_The task_. After finding "Tropic Slots Casino" in the material below, output its line and every line after it through the last, exactly, but not the pictures.

_Raw data_.
################

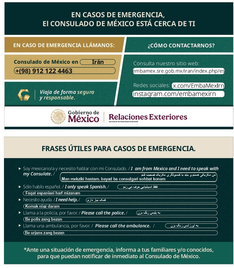 - Notifica a la Embajada de México en Irán tu fecha de llegada, itinerario y duración de estancia, para facilitar la comunicación y apoyo en caso de emergencia.
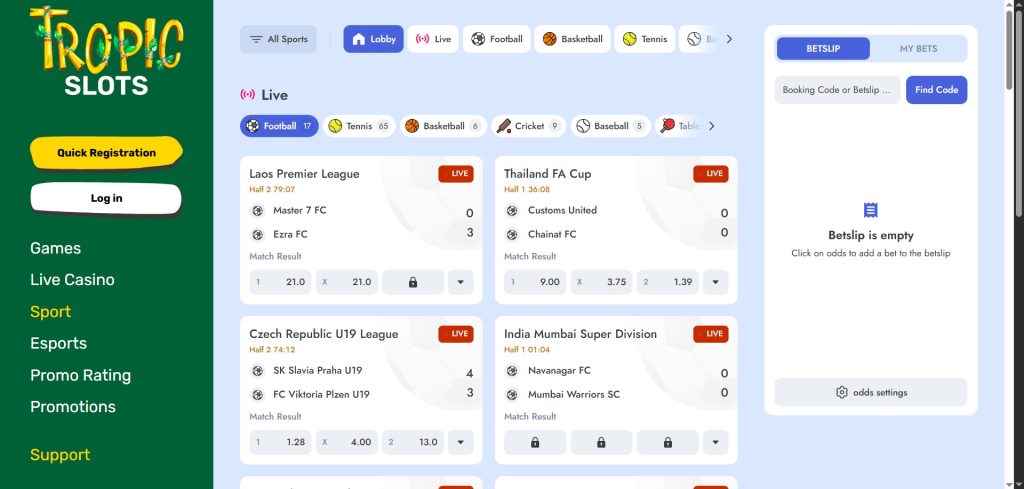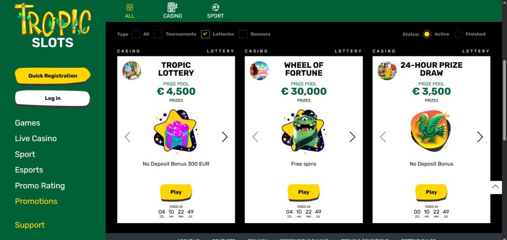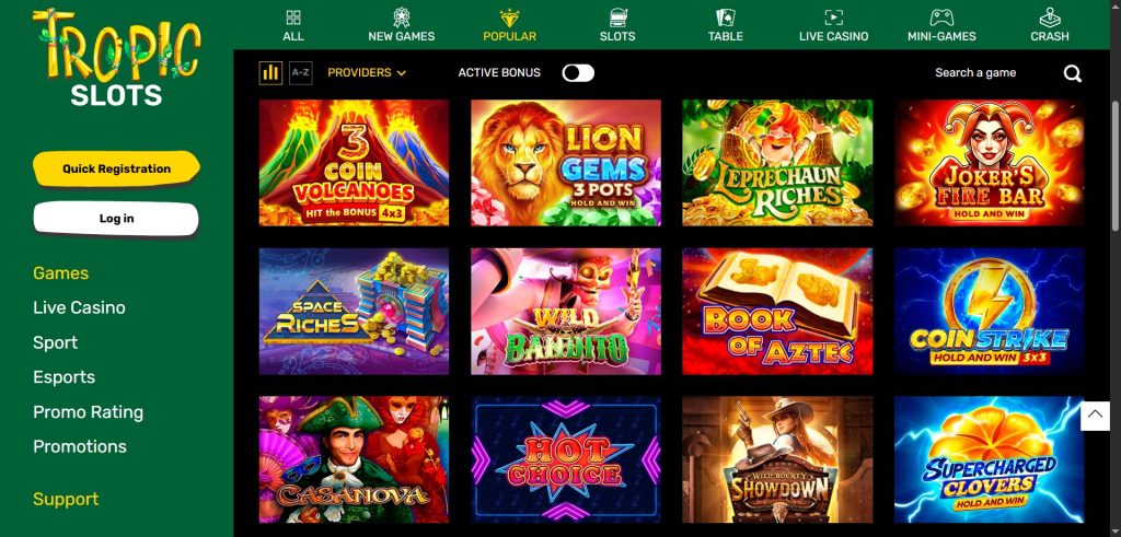 Tropic Slots Casino is an international gambling site owned by Cerberlot N.V.. The site offers 5000 games and sports betting. Its sportsbook covers popular sports such as football, tennis, and basketball, alongside cybersport markets.
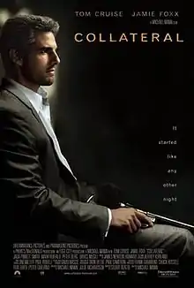 Collateral is a 2004 American neo-noir action thriller film[3][4] directed and produced by Michael Mann from a script by Stuart Beattie and starring Tom Cruise and Jamie Foxx. The supporting cast includes Jada Pinkett Smith, Mark Ruffalo, Peter Berg, Javier Bardem, and Bruce McGill. The film follows Max Durocher, a Los Angeles cab driver, and his customer, Vincent. When offered a high fare for driving to several locations, Max agrees but soon finds himself taken hostage by Vincent who turns out to be a hitman on a contract killing spree.
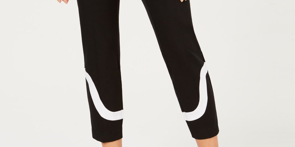 Costura interna aprox.: 26" | Altura frontal: aprox. 10-1/8"; Altura traseira: aprox. 16-1/4" | Fecho de zíper e botão na frente | Bolsos frontais fora da costura; bolsos falsos de debrum atrás; listra no punho

################

_Answer space_.
 Tropic Slots Casino is an international gambling site owned by Cerberlot N.V.. The site offers 5000 games and sports betting. Its sportsbook covers popular sports such as football, tennis, and basketball, alongside cybersport markets.
 Collateral is a 2004 American neo-noir action thriller film[3][4] directed and produced by Michael Mann from a script by Stuart Beattie and starring Tom Cruise and Jamie Foxx. The supporting cast includes Jada Pinkett Smith, Mark Ruffalo, Peter Berg, Javier Bardem, and Bruce McGill. The film follows Max Durocher, a Los Angeles cab driver, and his customer, Vincent. When offered a high fare for driving to several locations, Max agrees but soon finds himself taken hostage by Vincent who turns out to be a hitman on a contract killing spree.
 Costura interna aprox.: 26" | Altura frontal: aprox. 10-1/8"; Altura traseira: aprox. 16-1/4" | Fecho de zíper e botão na frente | Bolsos frontais fora da costura; bolsos falsos de debrum atrás; listra no punho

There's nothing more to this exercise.